The Conservatives had
been trounced in local elections in 1971-72, losing nearly 3,000 councillors
and control of most major cities. Much of the country’s public housing stock –
which was almost double the 18 per cent figure of all housing today – was under
Labour control. Official Labour Party policy was to oppose the HFA, under which
rent paid would make a profit for councils. The plan was to increase rents over
four years to £5 a week, trebling the £1.60 charged in the Derbyshire village
of Clay Cross.
For the HFA to work
the government needed the assistance of Labour councils. Fearing being
surcharged and barred from office, one by one they fell into line until Clay
Cross Urban District Council (UDC), consisting of just 11 councillors, all
Labour, remained alone in refusing to implement the rent rise.
Locally born John Dunn
joined the Labour Party as a teenager in the late 1960s. He became a miner in
1971 and worked underground for 19 years. “I backed the council when it sought
to relieve some of the deprivation and hardship,” he says. “Councillors were
miners, cleaners and building workers.
“They’d introduced
benefits such as pensioners’ free travel and built a swimming pool and
community centres. When the education secretary Margaret Thatcher stopped free
school milk, the UDC used a penny rate to continue to provide milk. Councillors
created jobs by expanding its direct labour force. It paid a living wage.
“But the real issue
was, as in many deprived areas, housing. A fifth was slums. By 1970, the
council, which had to buy them from Clay Cross Company, had demolished over 500
houses that lacked hot running water or inside toilets. New land was purchased
and housing built. The council, chaired by Dennis Skinner until he became an MP
in 1970, used the general rate fund to subsidise the programme rather than
government loans.”
New homes had gardens
and public spaces. Council rents remained affordable and Clay Cross councillors
had resolved to keep them so by defying the HFA. They refused to increase rents
by £1.
This defiance
continued a tradition started in 1921 by 30 councillors in Poplar, London, who
were imprisoned for protesting at what they saw as an unfair rating system. In
1926, elected boards of guardians who administered poor relief in West Ham in
London and Chester-le-Street were disqualified for paying more than they were
entitled to.
On 18 January 1973 all
11 Clay Cross councillors were surcharged for an alleged deficit in the
council’s housing revenue account and ordered to pay £635 each to cover the
extra rents they had failed to collect. Councillor David Skinner, brother of
Dennis, spoke for all, saying he would never pay a penny.

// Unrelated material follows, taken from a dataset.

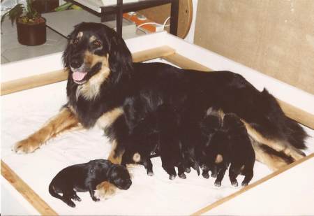 Nachkommen, bis auf einen Welpen alle schwarzmarkenfarben, seine

A legal challenge to
the decision was lost at the High Court in spring 1974.
“Surcharges bankrupted
the councillors and they were removed from office and barred from ever standing
again,” says Dunn, aged 22 back then, married with a three-year-old daughter.
He stepped forward to stand as a candidate in 1974 when the last ever UDC
elections took place before Clay Cross became part of the new North East
Derbyshire district.
“Bailiffs removed
councillors' cars and they also took possessions away by entering people’s
homes. By the time this happened there was a Labour government but it would not
intervene to make sure the £7,000 owed was overlooked.
“We won ten of 11
seats on an 80 per cent turnout. The other was lost by two votes. We maintained
the policy of asking tenants not to pay the proposed rent increase. The
government had sent in the Housing Commissioner, who had to employ his own rent
collectors.”
Dunn himself was then
surcharged, not over the HFA but for breaking government pay restrictions by
introducing a living wage for full-time housing wardens in sheltered
accommodation.
“Councillors were
barred from office for five years and ordered to pay a combined £2,202. This
was covered through donations.”
Dunn was elected to
Derbyshire County Council in 1993, supporting firefighters in a pay dispute as
chair of the fire authority and opposing cuts in council services before
quitting in 2005 in protest at Tony Blair’s decision to send British troops to Iraq.
Central government
funding to local authorities was sharply reduced in the austerity policies of
2010 onwards, forcing councils to make big cuts in services. Liverpool has lost
£0.5 billion since 2010, Newcastle £410 million, with a further £63 million cut
between now and 2026. Manchester is set to lose £96 million up to 2026, with
social care likely to bear the brunt.
Dunn criticises
central government for this but also wants councillors to refuse to implement
the cuts.
“Fifty years on I
believe Clay Cross councillors were right. It was a bad law aimed at struggling
social housing tenants. Anyone in the labour movement must stand against a bad
law. By resisting such laws, the lives of ordinary people have been improved.”
Will there be any
resistance?
“Unlike previously,
councillors today get paid. Many view this as a nice second income. Labour
Party policy is to make cuts. Last year when six Liverpool Labour councillors
decided not to vote against their own group’s budget cuts, they lost the Labour
whip. At a time of great economic hardship for many they were right to not do
the government’s dirty work.
“If many councils
combined to take a stand the government would face a very difficult problem and
don’t forget – at Clay Cross we did achieve some success as the rent increase
did not get collected.”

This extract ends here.